2011 Oscar Shorts:
Live action
Animated
Feb. 10–16 at the Carolina Theatre (see times below)

Does your office Oscar pool count the short films as anything more than tiebreakers? If so, you might be able to gain an edge by visiting the Carolina Theatre, which will be screening all of the nominees in the short animated and short live action categories: one program for the live action ones, and one for the animated movies.
Any other good reason to watch every nominee in either category is elusive, though you’re far better off with the animated ones. Most of the miniature movies in this bunch don’t make punchy statements or experiment with form; they seem more like calling cards for the filmmakers, announcements of craft competence. Overwhelmingly, the mainstream short film is not a form of artistic expression but an obligatory career step.
To be fair, navigating the form of the live action short film is tricky not only for viewers but for the writers and directors. When shorts imitate the conventions of a feature film, with three-act narrative arcs, they come across as self-important and overlong even when, as in “The Shore,” they’re occasionally funny and a little bit touching. Watching a series of short films in a row with opening credits sequences and accompanying music is a bit like reading a book of short stories in which each story has end papers, a title page, publisher info and author acknowledgements.
Live action shorts like “Pentecost” or “Time Freak” try to sidestep the problems of the short film with humor, but they’re really just simple extended gags. In the former, the role of a grounded altar boy is compared at great length to that of a suspended soccer player. In “Time Freak,” the inventor of a time machine tries to perfect minor interactions of the previous day instead of going somewhere like ancient Rome. It’s not a bad premise, the idea that we’re too hung up on meaningless details to understand the profundity of our own accomplishments, but the jokes are flat. “Raju,” the story of a German couple adopting an Indian boy, is the only nominee that uses its longish run time to play with viewer expectations, subverting its own premise with weary ambiguity and healthy cynicism. Conversely, “Tuba Atlantic” masquerades as black humor, its main character a dying man who machine-guns seagulls out of the sky, but the story ends by comforting the viewer with some nonsense about a giant tuba that blasts its sound across the ocean to the man’s brother.
You’ll need a high tolerance for whimsy like this to take in all of these shorts at once. Patience with cliché and sap will help, too. If you can see through it and feel charitable, there are things to like about most of the movies in these collections, especially in the animated category. The totally aggro “A Morning Stroll” is the only objectionable entry in this program, with its simplistic view of people as gadget-obsessed zombies. On the other end of the spectrum is “The Fantastic Flying Books of Mr. Morris Lessmore,” about an idyllic dimension between life and death among living hardbacks. It’s likeable if indulgent, glorying in the comfortable myth of the happy loner whose best friends are books, kind of like a cutesy reimagining of the end of Fahrenheit 451. Somewhere between these two movies’ sensibility is the French Canadian “Sunday”: It’s classically animated (mostly hand-drawn!) and evocative, a wordless story about a boy discovering a world filled with mortality. “La Luna,” which pushes the needle on the well-done whimsy scale into the red, is pure Pixar and will probably win the category by virtue of the enormous Hollywood machine that it has behind it.

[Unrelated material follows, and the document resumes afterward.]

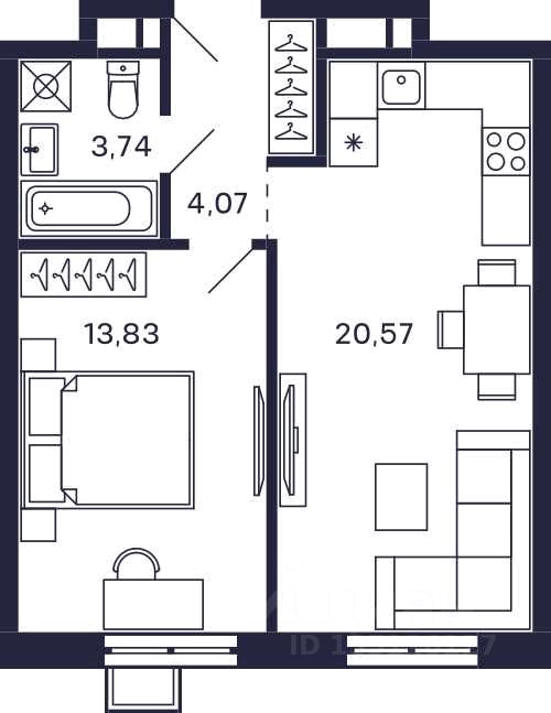 Продается квартира в ЖК Тетрис с 1 спальней на 20 этаже 28 этажного дома. Общая площадь: 44.1 кв.м. Высота потолков 2.95 м. Срок сдачи 2 квартал 2026 г. Эскроу-счет. Застройщик ГК "Садовое кольцо".

Much harder to classify is the most deserving movie in the category, “Wild Life,” animated with painterly skill and kineticism (think Maira Kalman in motion) about an English dandy who moves to Alberta, Canada, in 1909 to try his hand at ranching. The story is pieced together with his letters home, interviews with his neighbors and a conversation he has with his dog while he rows around a puddle-size pond. Created by Amanda Forbis and Wendy Tilby, it’s the only nominated short that feels like an artistic accomplishment in and of itself, one that seems to have satisfied its creators as artists with ideas. And if Forbis and Tilby aren’t satisfied with it, they are setting the bar for themselves in the stratosphere.
There are undoubtedly more filmmakers like Forbis and Tilby, making short films that are personal and unusual, that people might take as much pleasure in as they do in some of the better nominees in the Best Picture category (not that those are really any great shakes, either). [The Triangle has numerous good outlets for the short film form; two of them occur later this month: the Strange Beauty Film Festival in Durham and the Raleigh-based Bloc Animation Project.]
Of course, the Academy isn’t where we’ve ever expected real visionaries to be recognized, but in this category that can highlight the accomplishment of unknowns, an adventurous survey of the field would be more meaningful than it might be in the categories that count in Oscar pools.
For the record, though, the short films should only be counted in your office Oscar pool in the case of a tie, because the ability to guess which unknown short movie will take a statue shouldn’t count as much as the ability to guess all the majors. Take it from someone burned by a competitor who lost in the majors but won by consistently guessing the shorts correctly.